A chipset 206 may also communicate with the interconnection network 204. The chipset 206 may include a graphics memory control hub (GMCH) 208. The GMCH 208 may include a memory controller 210 that communicates with a main system memory 212. The memory 212 may store data, including sequences of instructions that are executed by the processor 202, or any other device included in the computing system 200. In one embodiment of the invention, the memory 212 may include one or more volatile storage (or memory) devices such as random access memory (RAM), dynamic RAM (DRAM), synchronous DRAM (SDRAM), static RAM (SRAM), or other types of storage devices. Nonvolatile memory may also be utilized such as a hard disk. Additional devices may communicate via the interconnection network 204, such as multiple CPUs and/or multiple system memories.

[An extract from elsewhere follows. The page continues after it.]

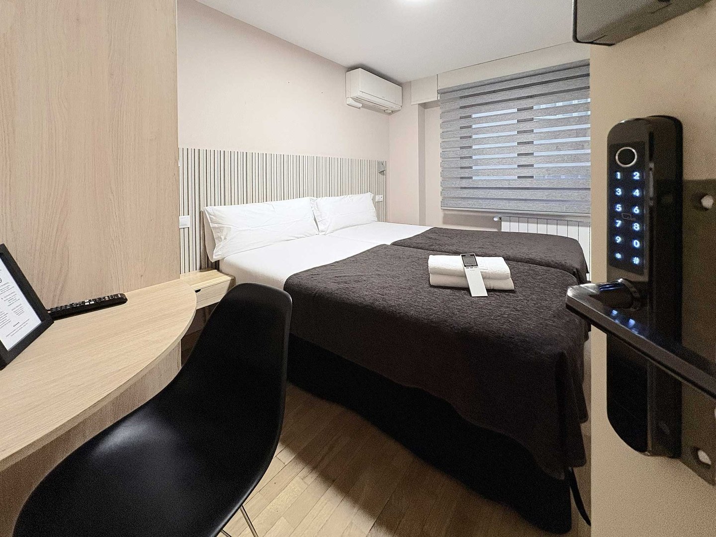 Ideal para amigos o compañeros de viaje. Con WiFi gratis, TV, escritorio y baño compartido siempre limpio. Incluye calefacción, limpieza diaria y todos los servicios de Pensión Laurel.

The GMCH 208 may also include a graphics interface 214 that communicates with a graphics accelerator 216. In one embodiment of the invention, the graphics interface 214 may communicate with the graphics accelerator 216 via an accelerated graphics port (AGP). In an embodiment of the invention, a display (such as a flat panel display, a cathode ray tube (CRT), a projection screen, etc.) may communicate with the graphics interface 214 through, for example, a signal converter that translates a digital representation of an image stored in a storage device such as video memory or system memory into display signals that are interpreted and displayed by the display. The display signals produced by the display device may pass through various control devices before being interpreted by and subsequently displayed on the display.

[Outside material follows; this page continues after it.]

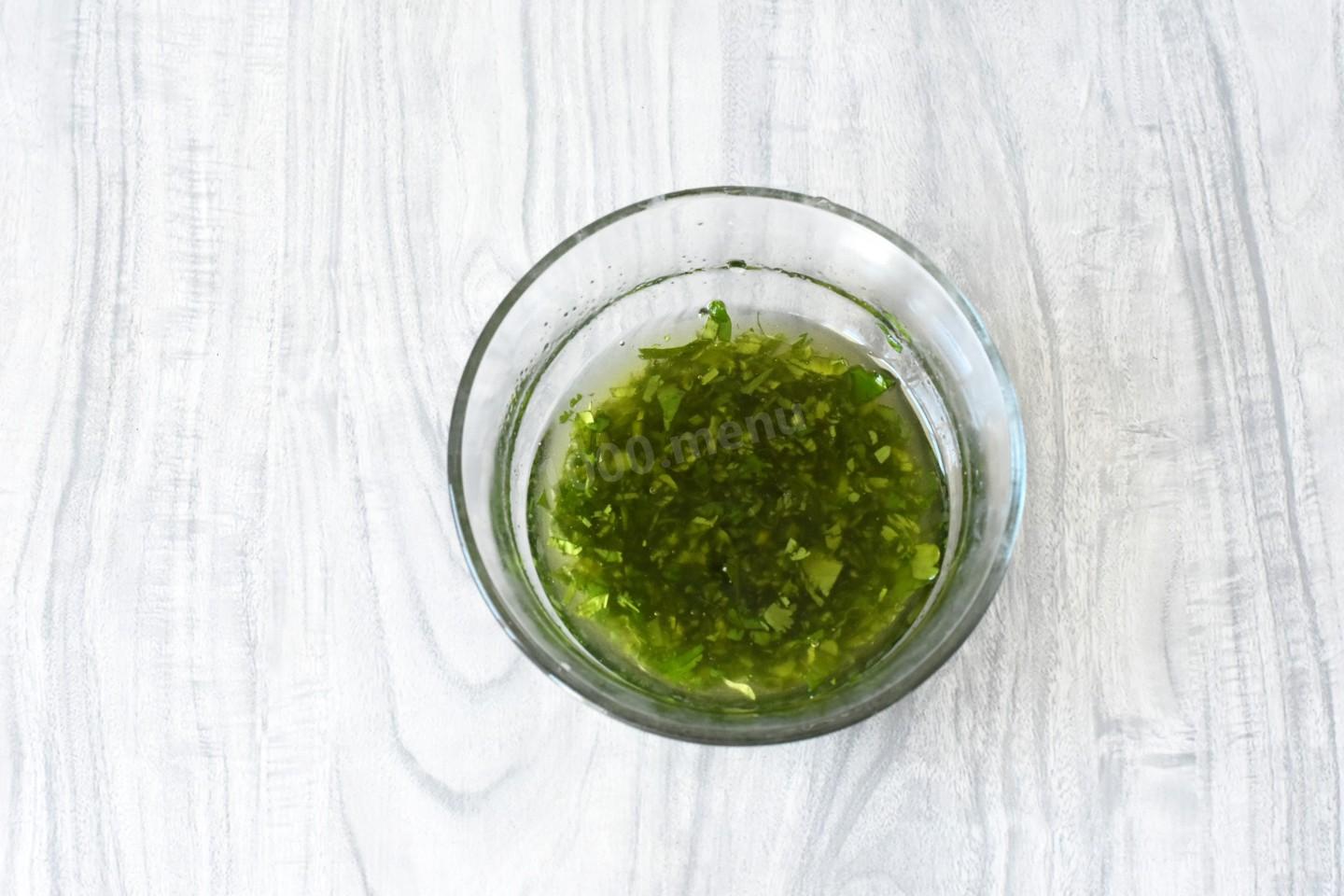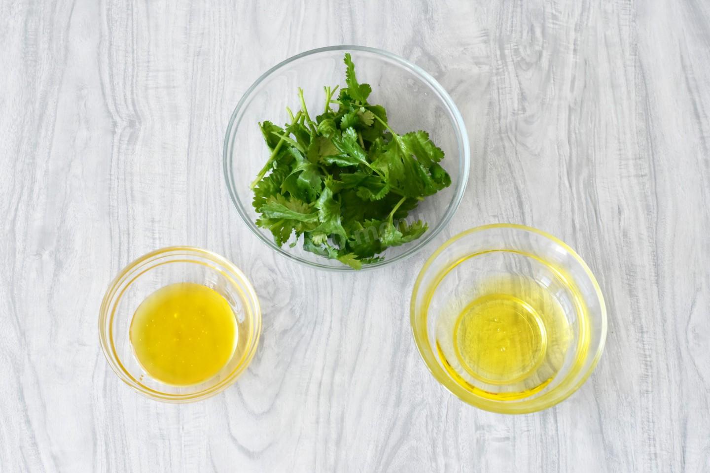 В мисочке соедините оливковое масло, мед, кинзу и взбейте до однородности.

A hub interface 218 may allow the GMCH 208 and an input/output control hub (ICH) 220 to communicate. The ICH 220 may provide an interface to I/O devices that communicate with the computing system 200. The ICH 220 may communicate with a bus 222 through a peripheral bridge (or controller) 224, such as a peripheral component interconnect (PCI) bridge, a universal serial bus (USB) controller, or other types of peripheral bridges or controllers. The bridge 224 may provide a data path between the processor 202 and peripheral devices. Other types of topologies may be utilized. Also, multiple buses may communicate with the ICH 220, e.g., through multiple bridges or controllers. Moreover, other peripherals in communication with the ICH 220 may include, in various embodiments of the invention, integrated drive electronics (IDE) or small computer system interface (SCSI) hard drive(s), USB port(s), a keyboard, a mouse, parallel port(s), serial port(s), floppy disk drive(s), digital output support (e.g., digital video interface (DVI)), or other devices.

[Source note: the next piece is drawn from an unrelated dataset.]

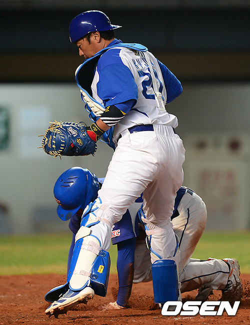 7회초 1사 1,2루에서 대만 군인선발팀 팡창용의 1타점 좌전 적시타에 린허가 대표팀 진갑용의 태그에 앞서 세이프되고 있다.
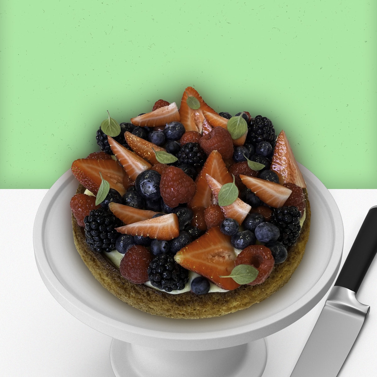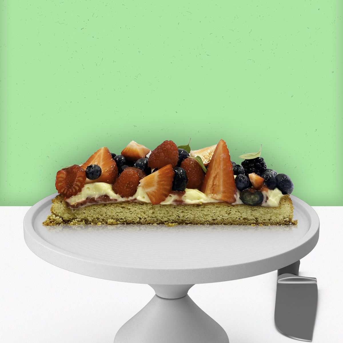 Our seasonal fruit tart is constructed on a light, Breton dough, which is turn filled with pastry cream and a delicious stawberry gel.

The bus 222 may communicate with an audio device 226, one or more disk drive(s) 228, and one or more network interface device(s) 230 (which is in communication with the computer network 102 and may comply with one or more of the various types of communication protocols discussed with reference to FIG. 1). In an embodiment, the network interface device 230 may be a NIC. Other devices may communicate via the bus 222. Also, various components (such as the network interface device 230) may communicate with the GMCH 208 in some embodiments of the invention. In addition, the processor 202 and the GMCH 208 may be combined to form a single chip. Furthermore, the graphics accelerator 216 may be included within the GMCH 208 in other embodiments of the invention.

Furthermore, the computing system 200 may include volatile and/or nonvolatile memory (or storage). For example, nonvolatile memory may include one or more of the following: read-only memory (ROM), programmable ROM (PROM), erasable PROM (EPROM), electrically EPROM (EEPROM), a disk drive (e.g., 228), a floppy disk, a compact disk ROM (CD-ROM), a digital versatile disk (DVD), flash memory, a magneto-optical disk, or other types of nonvolatile machine-readable media that are capable of storing electronic data (e.g., including instructions). In an embodiment, components of the system 200 may be arranged in a point-to-point (PtP) configuration. For example, processors, memory, and/or input/output devices may be interconnected by a number of point-to-point interfaces.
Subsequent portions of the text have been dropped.